About a month ago my mother came to visit me. She lives in a relatively small town, so her trips to the city consist of us doing a lot of shopping. Recently, her favorite foundation had run out so we happily made our way down to the expensive department store for a new jar. Due to the birth of my daughter and the lifestyle of a mom with two kids, I had not been using my foundation so I had not actually been to the store in over nine months. Little did I know that they had completely renovated and upgraded the store to a kind of super-luxury status. The new glass walls, fancy escalator and modernized décor screamed of the big dollars and high price tags. The staff was superbly quaffed, the floor highly polished, the furniture extremely expensive, even the mannequins appeared posh.
I, of course, had just rushed out the door, leaving the kids with Dad so I could spend a few hours shopping. My hair was on day four without a shower, my jeans had a stain on the thigh, my cotton cargo coat looked rumpled from fishing it out of the back of the car, and not to mention one of the pockets was being held together with a large safety pin after my son torn it while playing tag. I had no make up on, and the post pregnancy hormones were having one of those days with my face. Hurrying to make it out the door before one of the kids had a fit, made me think little of what my appearance was and more about making the escape.
Yet in that huge arena where every cosmetic and fragrance fashionista stands donned perfectly in their made up faces, fashion forward outfits and slightly thinner than thin bodies, I saw my reflection in the eight thousand mirrors they installed. What I saw, I truly didn’t like.

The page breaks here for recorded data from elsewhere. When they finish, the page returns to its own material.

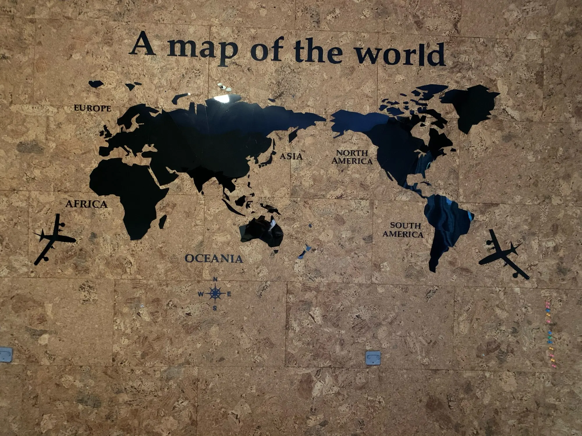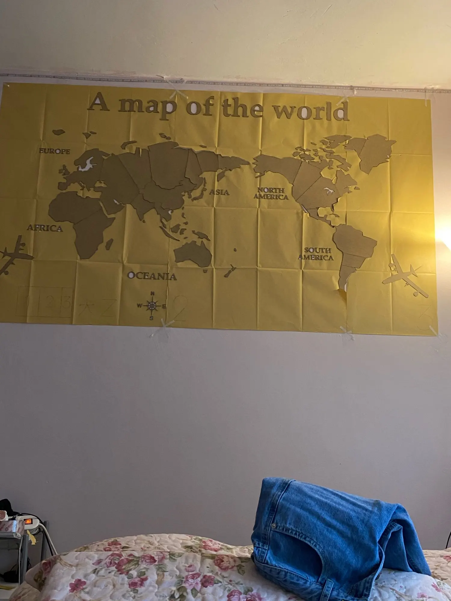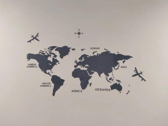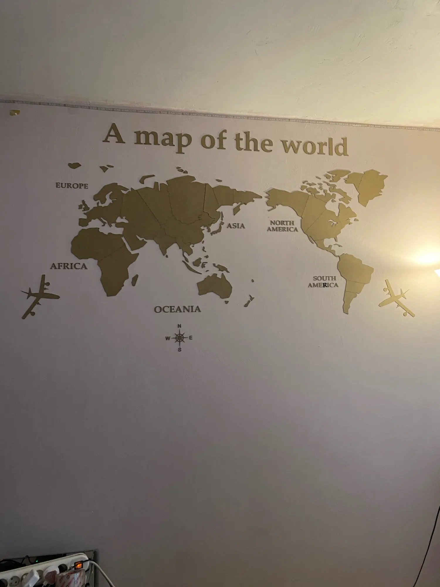 Great product! Map is great, the material is hard but thin. The template is perfect, if you put it up on the wall correctly sticking map is super easy. We were thinking between L and XL size, took L and we,re very happy with this size. Have a couch that is around 2.20 meters long, the wall is around 4x3 meters and L looks perfect, not too big. On our we glued some green plants, so it looks even better! Took 2 weeks to deliver.
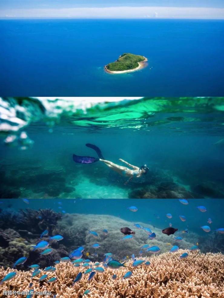 这里有着全海南最纯净,能见度10米深的玻璃海。站在石梅湾上远眺就能看到加井岛,海中间白色沙滩簇拥着的绿色小岛,同时也是一座原生态未被开发的无人海岛。
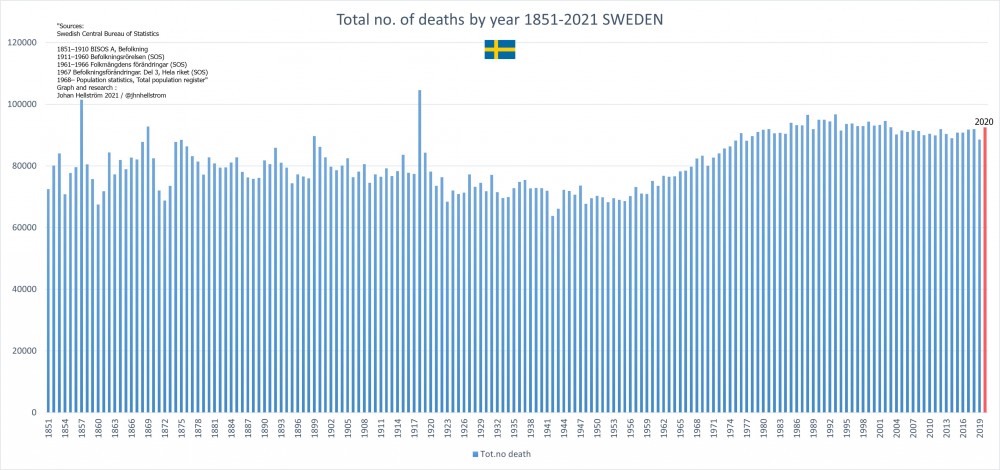 Όπως λένε, όλα θα φανούν στη σύγκριση. Στον πρώτο πίνακα βλέπουμε τον αριθμό όλων των θανάτων στη χώρα από το 1851 έως το 2020:
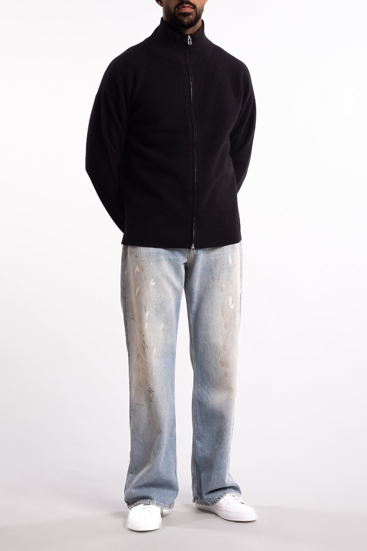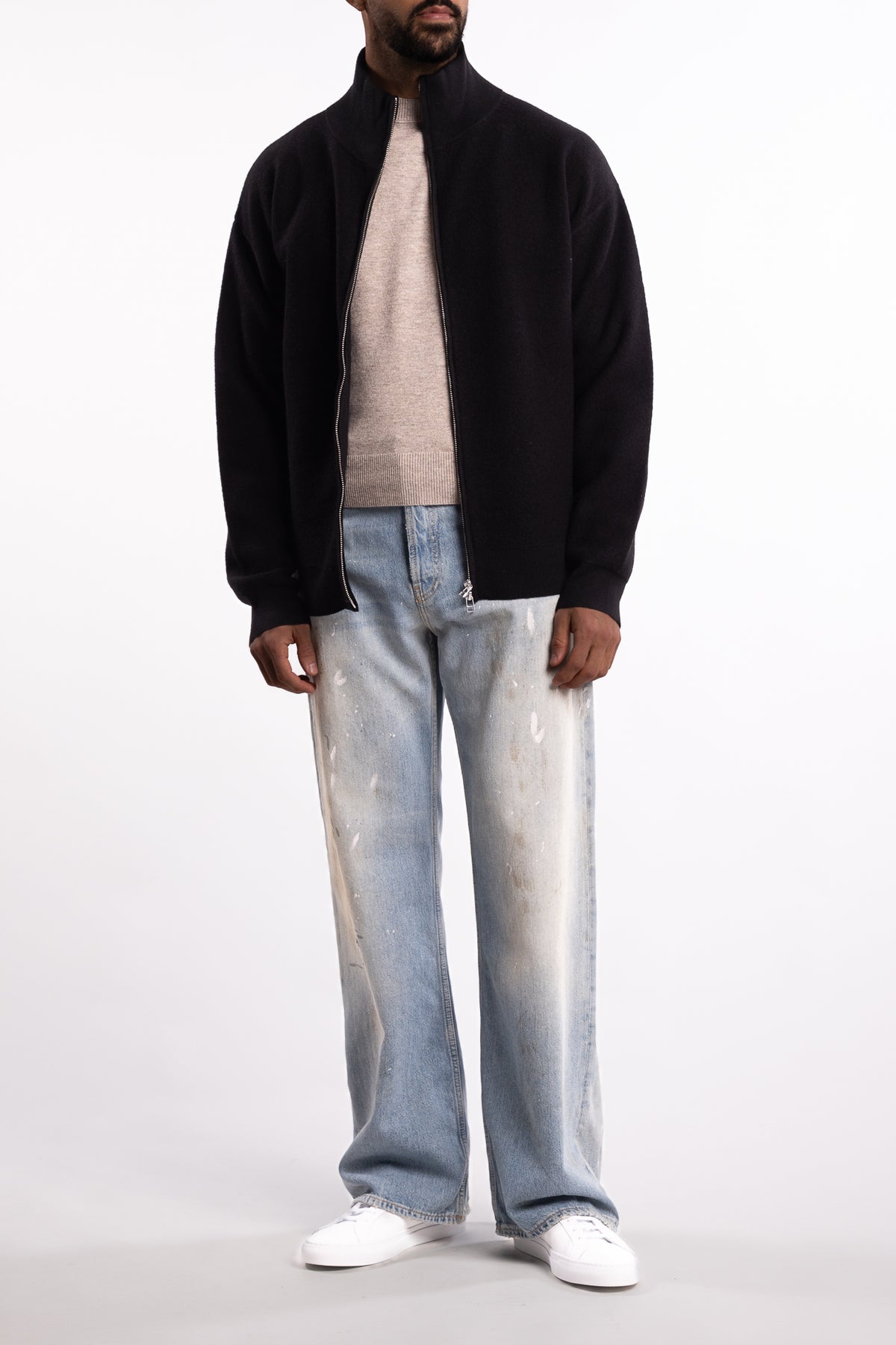 Designet har droppede skuldre, en rett og boxy passform med splitt i sidene og ribbestrikket kant nederst. Genseren er fullført med en høy ribbestrikket krage og toveis glidelås i metall.

By the time I reached the counter of my favorite make-up, I was cringing and wishing I could just turn back. Yet, the sales clerk I always chat with was there, greeting me louder than I expected, as if drawing attention to the pitiful mess I had become. The once over was all I needed to hammer home the sight I must have made, scuffed shoes, broken nails, no earrings, no make-up and of course, still carrying my summer purse.
It was all I needed to remind me that although I am a full time mom and I work from home, I didn’t have to look this way. Immediately, I made a pact with myself. My daughter is almost eleven months, and the mommy-frump, daze is over. No longer am I breastfeeding (one of my favorite excuses for loose and comfy clothes). No longer am I recovering or as sleep deprived as I once was. This not caring about how I look, had to change.